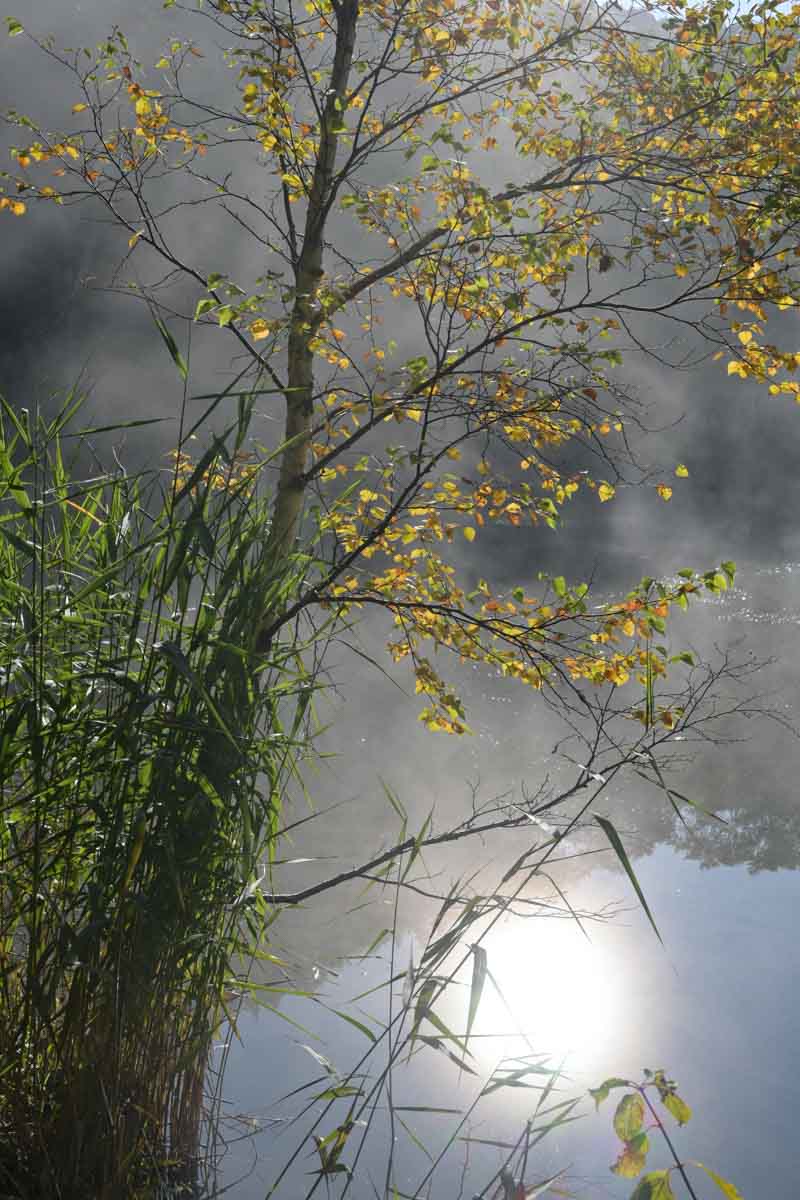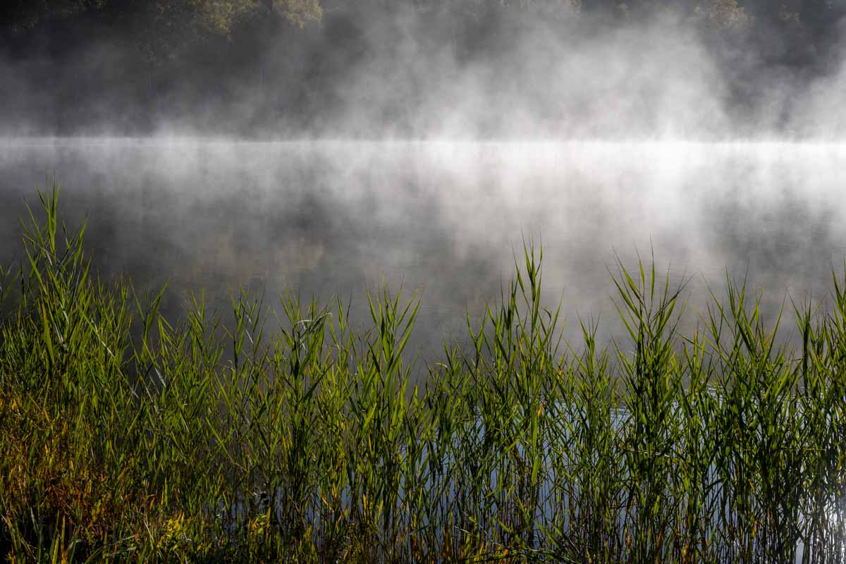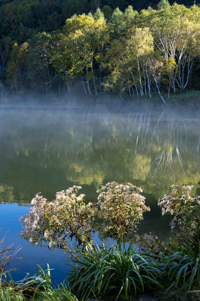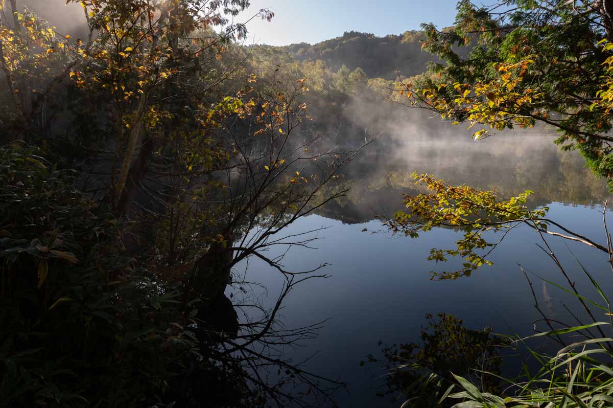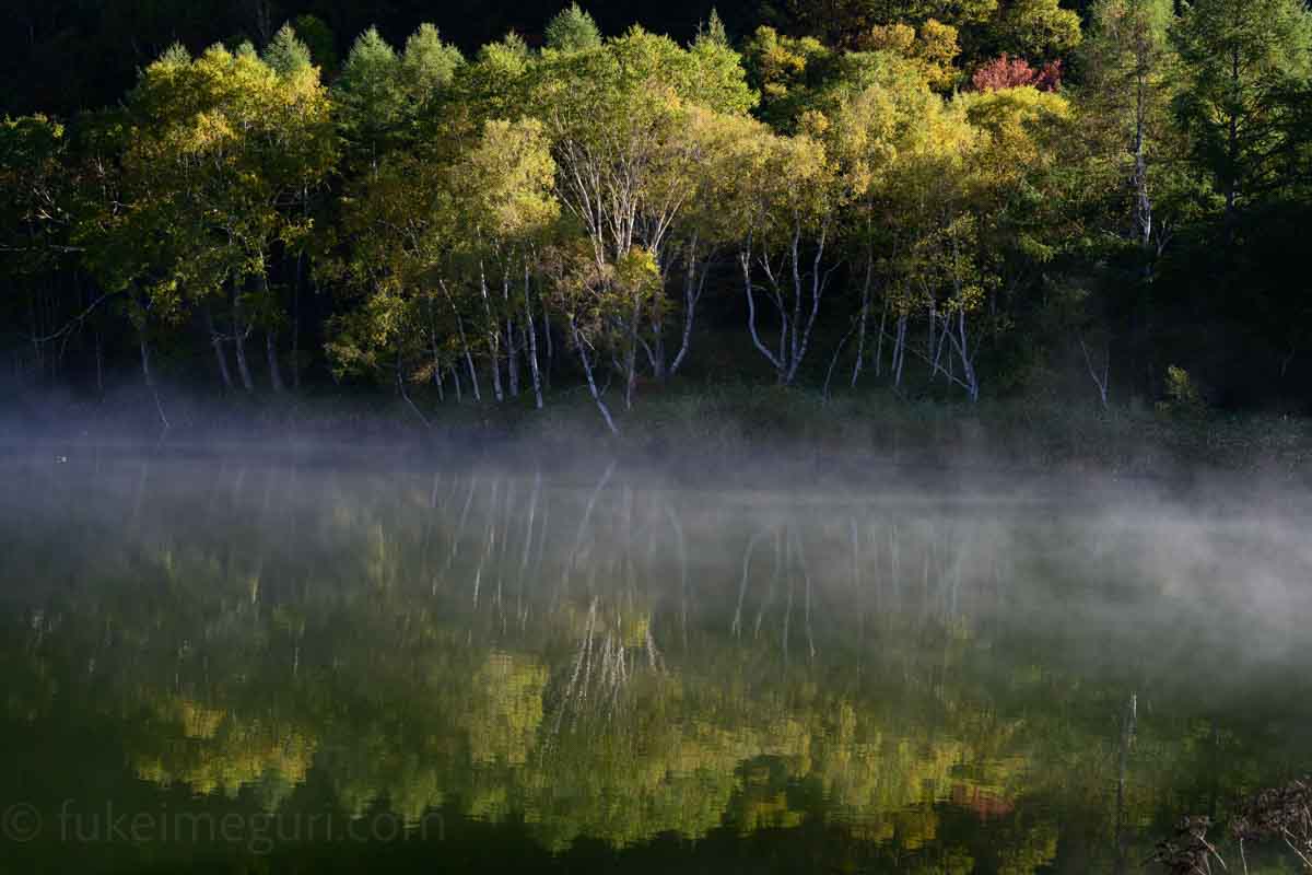 東側から木戸池に流れ込む沢の水が影響しているのでしょうか、東側の水面を中心に霧が流れていました。朝7時くらいでした。
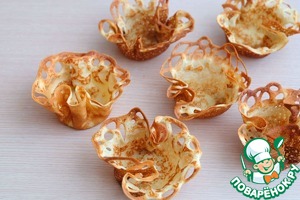 Далее блинные салфетки-заготовки поместить в форму для выпекания кексов и отправить в разогретую до t150-180С духовку. Корзиночки слегка подсушить для сохранения заданной формы.
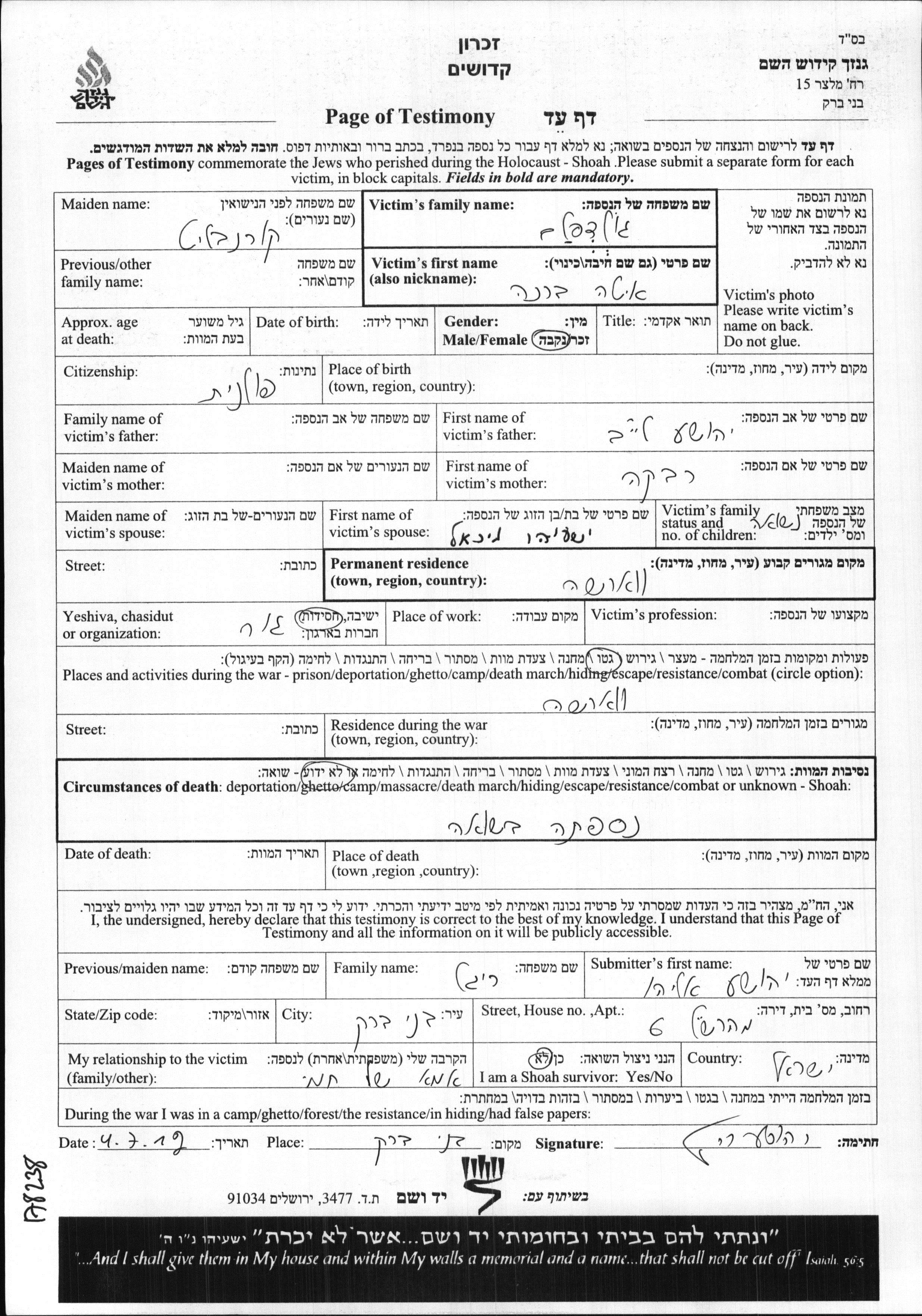 Yad Vashem - Pages of Testimony Names Memorial Collection

# # #

## Task to complete
Only the pictures are to be left out; print everything else in the listing exactly.

## Task result
 東側から木戸池に流れ込む沢の水が影響しているのでしょうか、東側の水面を中心に霧が流れていました。朝7時くらいでした。
 Далее блинные салфетки-заготовки поместить в форму для выпекания кексов и отправить в разогретую до t150-180С духовку. Корзиночки слегка подсушить для сохранения заданной формы.
 Yad Vashem - Pages of Testimony Names Memorial Collection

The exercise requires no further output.